Vues parisiennes, mars avril 2014
"La Tête dans les Olives".
Un restaurant Sicilien, assez grand pour 8 personnes mais pas plus.
Au menu: des olives, de l'huile d'olive, de la baguette (Française, celle-là!) à tremper dans de l'huile d'olive, des amuse-gueule à l'huile d'olive (et au Pecorino), de la tapenade aux olives, des tomates et aubergines séchées marinées dans l'huile d'olive, une salade orange-fenouil à l'huile d'olive. Puis du thon sous forme de Bresaola et de saucisson, accompagnés d'anchois (et d'huile d'olive).
Allez, après cela: une bonne assiette de pâtes à l'huile d'olive et aux amandes.
très bon, mais.. euh... Je croyais qu'on avait fini de manger?...
Ah: important: il y avait différentes sortes d'huiles d'olive !
Et... LE plus important: l'ambiance était européenne, Merci Hannah & Bernhardt !

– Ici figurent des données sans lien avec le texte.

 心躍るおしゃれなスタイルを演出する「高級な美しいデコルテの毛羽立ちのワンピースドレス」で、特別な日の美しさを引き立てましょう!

Certaines plantes ne craignent pas les particules fines, visiblement.
Ce week-end, j'ai pris mon courage à deux mains: enlevé les mauvaises herbes, celles qui longent le mur (et les fientes de pigeon: avec le nid sous le toit, coté pignon, ça va pas s'arranger), celles au pied des deux rosiers, celles qui poussent devant la maison, dans les interstices entre les dalles qui bougent sous les pas même des plus légers.

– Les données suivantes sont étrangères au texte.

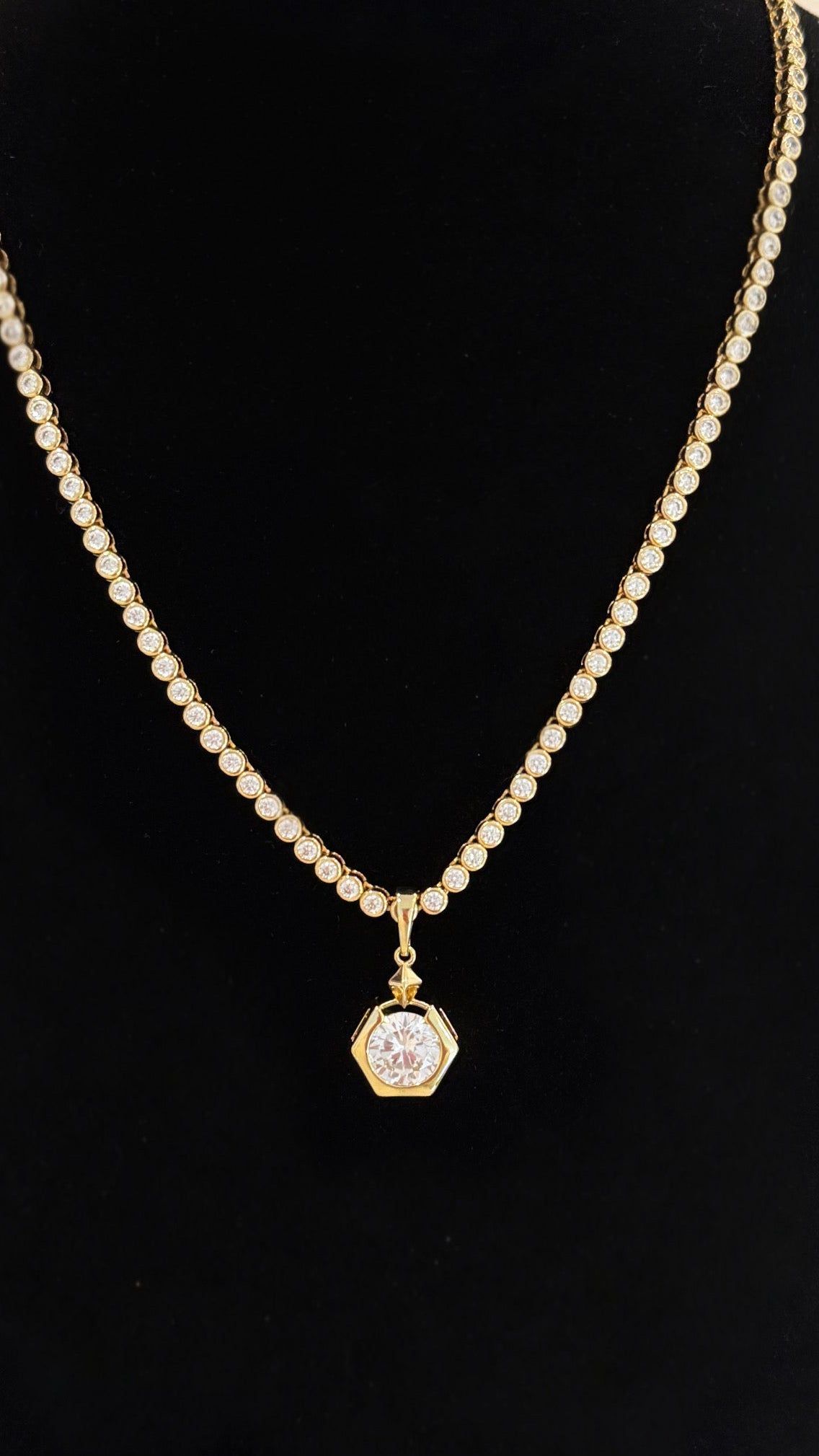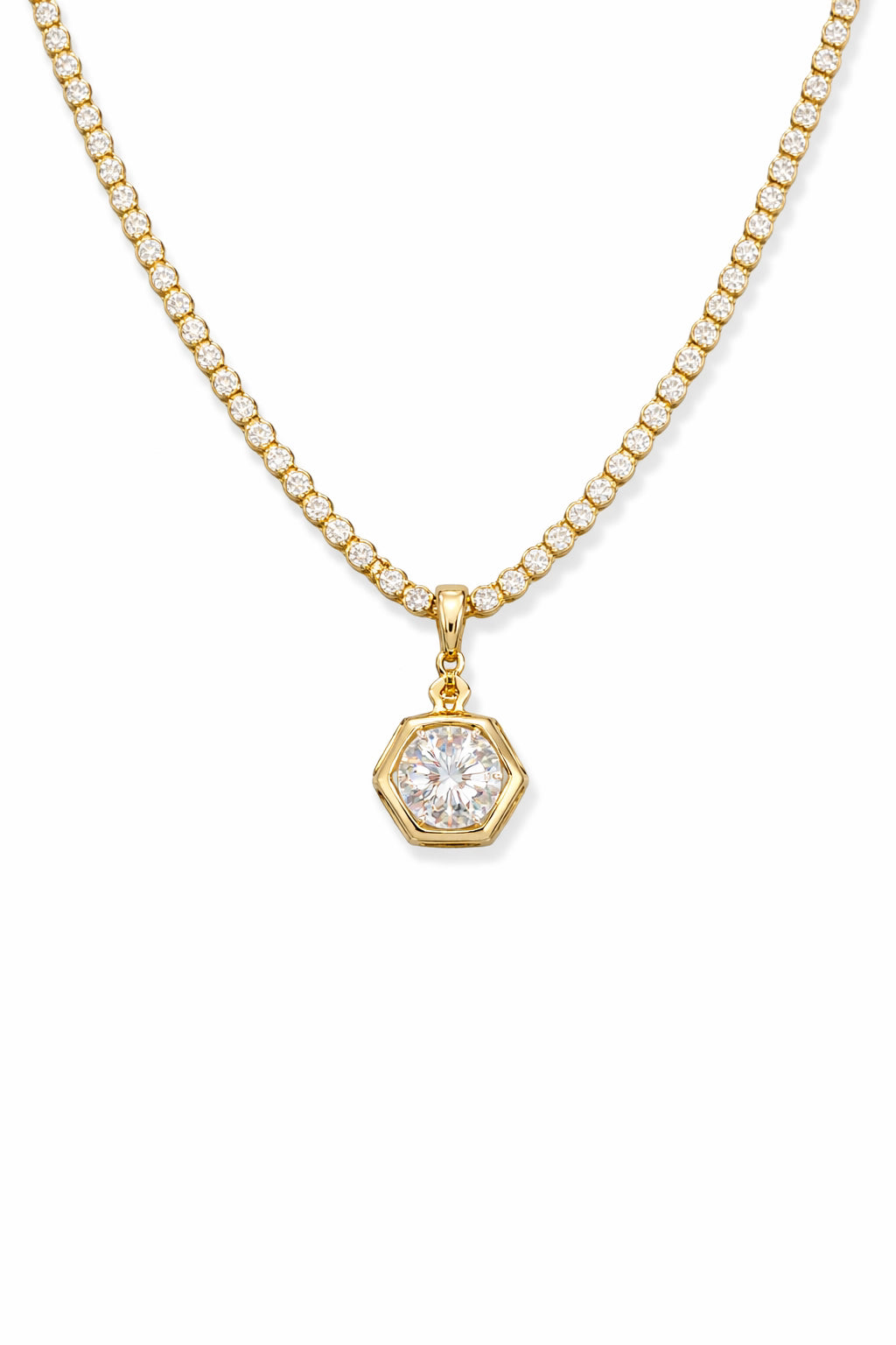 18k Gold Filled Art Deco Inspired Hexagon Bezel Pendant  (Removable)

j'ai trouvé une coccinelle pour les pucerons des rosiers. Pas de bol: elle n'arrivait pas à tenir sur ses pattes. Bizarrement elle semblait aussi amorphe que les blattes que j'ai trouvées (parvenant difficilement à réfréner des réflexes de retrait liés à des réminiscences peu agréables) le long de la bordure des rosiers.
Et puis 5 petits noisetiers que je vais essayer de sauver.

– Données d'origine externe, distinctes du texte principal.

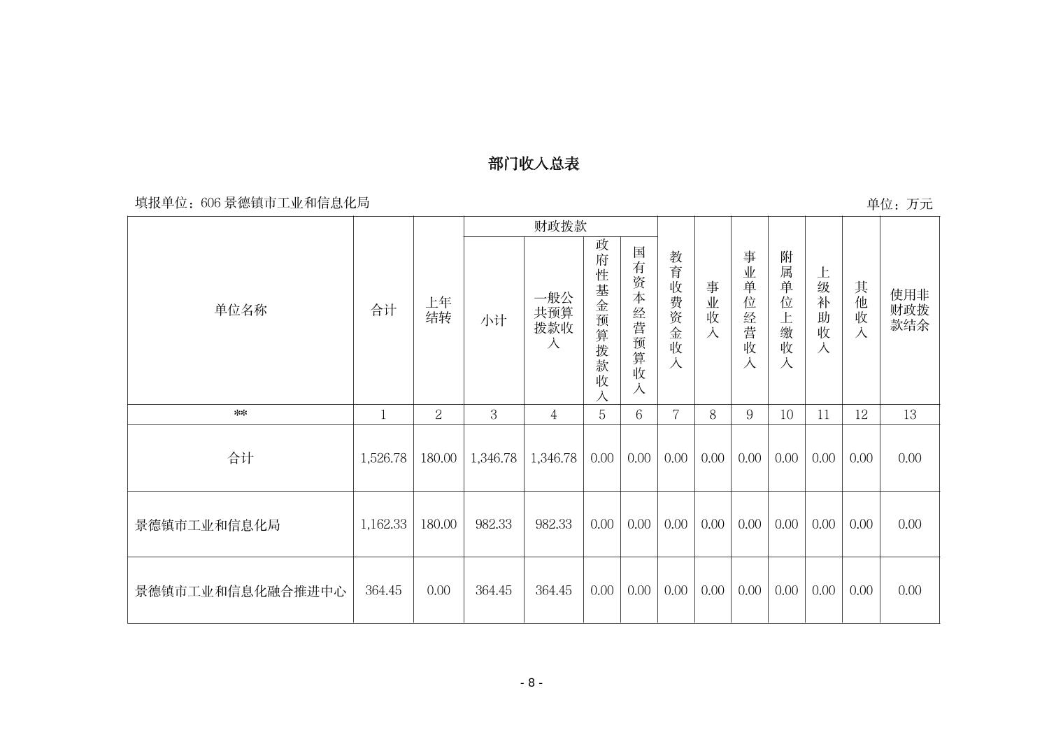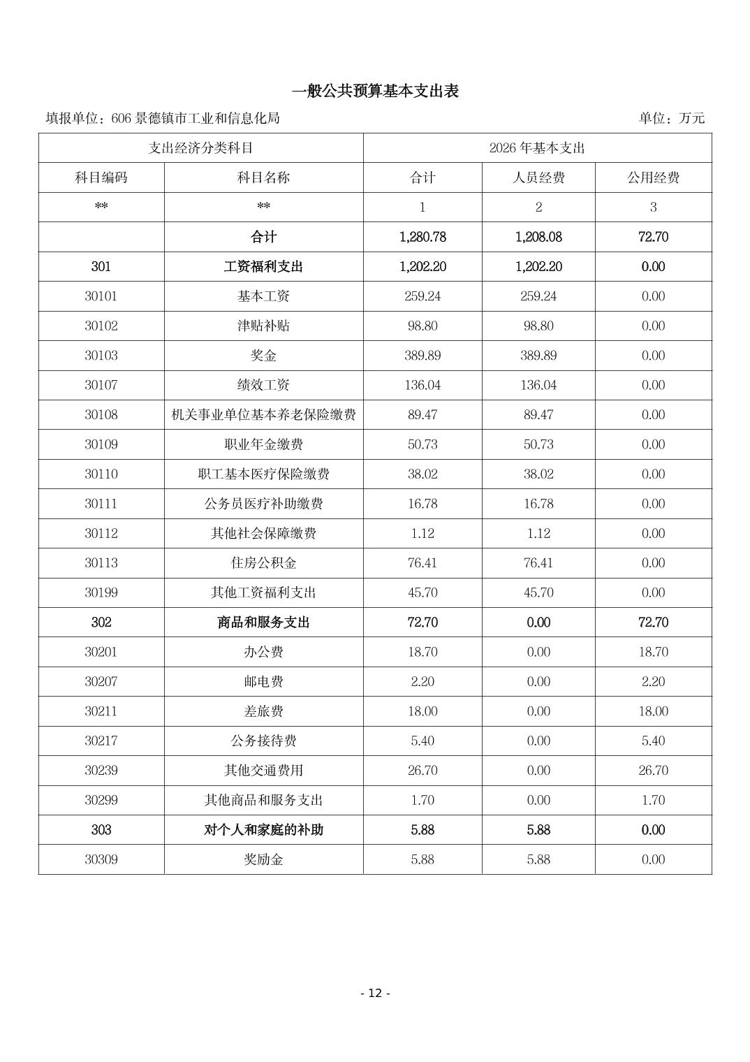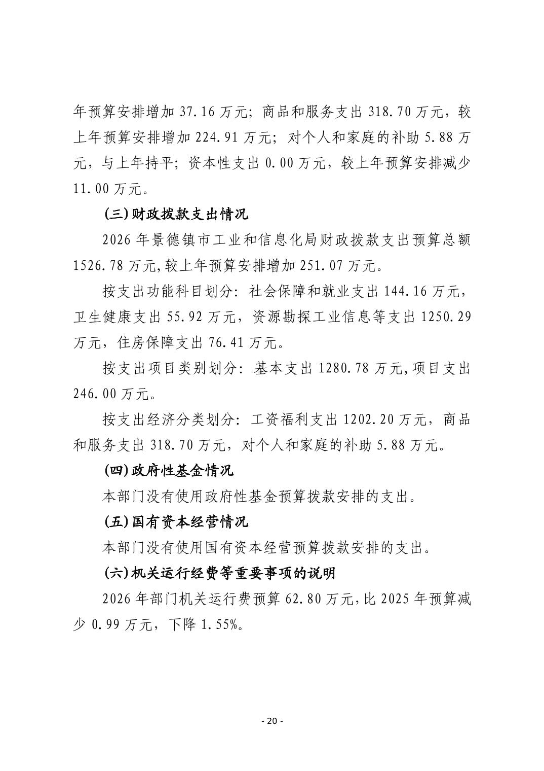 景德镇市工业和信息化局2026年部门预算

le même mur, après. Mise en relief du béton qui part en lambeau. Ptet que lui, il craint l'air parisien?
en tout cas, mes petites plantes lilloises me sont fidèles...
Il y a aussi un chat qui m'a tenu compagnie: tantôt devant la fenêtre de mon salon, tantôt au pied de la cloison, il me regardait trimballer mon sac poubelle qui se remplissait d'herbes rebelles. Le soir, il a passé la tête entre les manches de mon pull noir qui séchait sur la rambarde devant la fenêtre. Il a jeté son premier coup d'oeil à l'intérieur. Comme si je ne le voyais pas.
Je l'ai retrouvé là , encore, ce soir, en rentrant du labo... Il s'est emparé de l'espace entre les deux rosiers.
S'il pouvait chasser les pigeons, ça serait sympa.
Mais il a l'air trop timoré pour ça.
Ainsi s'est terminé mon 4ème week-end à Paris, en célibataire.